After many questions on how to make boxplots with facets and significance levels, particularly this and this, I still have one more little problem.
I managed to produce the plot shown below, which is exactly what I want.
The problem I am facing now is when I have very few, or no significant comparisons; in those cases, the whole space dedicated to the brackets showing the significance levels is still preserved, but I want to get rid of it.
Please check this MWE with the iris dataset:
library(reshape2)
library(ggplot2)
data(iris)
iris$treatment <- rep(c("A","B"), length(iris$Species)/2)
mydf <- melt(iris, measure.vars=names(iris)[1:4])

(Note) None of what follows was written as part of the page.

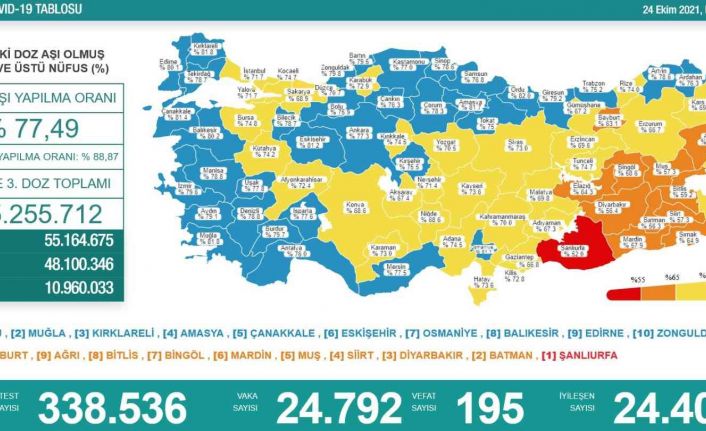 Sağlık Bakanlığı tarafından Türkiye’nin yeni korona virüs tablosu açıklandı. 21 Ekim’de açıklanan 24 saatlik verilere göre 24 bin 792 vaka tespit edildi. Virüs nedeniyle hayatını kaybedenlerin sayısı 195 oldu. Bir günde toplam 338 bin 536 test yapılırken, iyileşen hasta sayısı 24 bin 403 olarak kaydedildi. Sağlık Bakanlığı tarafından açıklanan tabloda, aşılama verilerine de yer verildi. En az 2 doz aşısını olmuş 18 yaş üzeri nüfusu kapsayan verilere göre Türkiye’de 2. doz aşılama ortalama yüzde 77,49 oldu. 1. doz ortalaması yüzde 88,87 olurken, 1., 2. ve 3. doz aşısını olan vatandaş sayısı toplamda 115 milyon 255 bin 712’e yükseldi.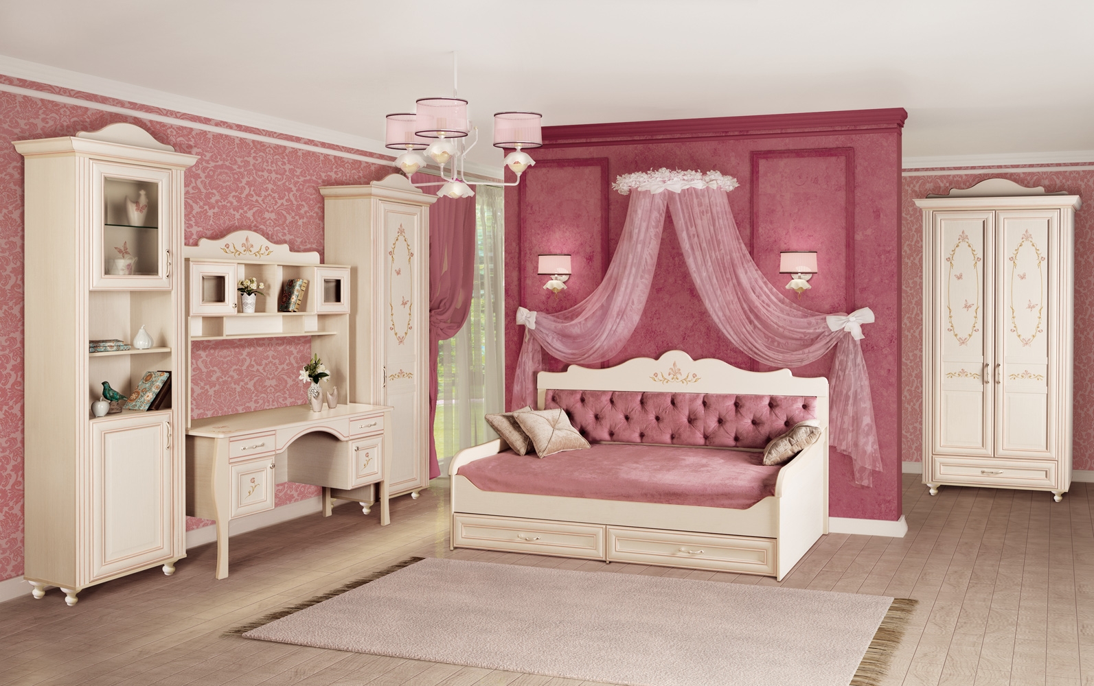 Алиса – мебель для девочек и девушек в классическом стиле, который поддержан светлым декором, цветочными рисунками и патиной на фасадах. При создании детской использовались приемы итальянского декорирования мебели. Мотивы классической росписи в сочетании с любимым мотивом детского рисунка – бабочки и цветы – создают ощущение юности и нежности. Использование декоративных элементов – корон и карнизов в наборе мебели не перегружают интерьер детской комнаты и при этом создают ощущение интерьера маленькой принцессы. Изящные ручки под золото со вставками молочно-белого цвета идеально сочетаются с кремово-белым декором и золотистой палитрой рисунков вензелей. При всей внешней легкости и утонченности мебель весьма практична в использовании, благодаря надежной фурнитуре. Все модули можно увидеть на странице серии. Дополнительно можно приобрести защитный бортик, покрывало и декоративные подушки этой серии.

mydf$treatment <- as.factor(mydf$treatment)
mydf$variable <- factor(mydf$variable, levels=sort(levels(mydf$variable)))
mydf$both <- factor(paste(mydf$treatment, mydf$variable), levels=(unique(paste(mydf$treatment, mydf$variable))))
a <- combn(levels(mydf$both), 2, simplify = FALSE)#this 6 times, for each lipid class
b <- levels(mydf$Species)
CNb <- relist(
paste(unlist(a), rep(b, each=sum(lengths(a)))),
rep.int(a, length(b))
)
CNb
CNb2 <- data.frame(matrix(unlist(CNb), ncol=2, byrow=T))
CNb2
#new p.values
pv.df <- data.frame()
for (gr in unique(mydf$Species)){
for (i in 1:length(a)){
tis <- a[[i]] #variable pair to test
as <- subset(mydf, Species==gr & both %in% tis)
pv <- wilcox.test(value ~ both, data=as)$p.value
ddd <- data.table(as)
asm <- as.data.frame(ddd[, list(value=mean(value)), by=list(both=both)])
asm2 <- dcast(asm, .~both, value.var="value")[,-1]
pf <- data.frame(group1=paste(tis[1], gr), group2=paste(tis[2], gr), mean.group1=asm2[,1], mean.group2=asm2[,2], log.FC.1over2=log2(asm2[,1]/asm2[,2]), p.value=pv)
pv.df <- rbind(pv.df, pf)
}
}
pv.df$p.adjust <- p.adjust(pv.df$p.value, method="BH")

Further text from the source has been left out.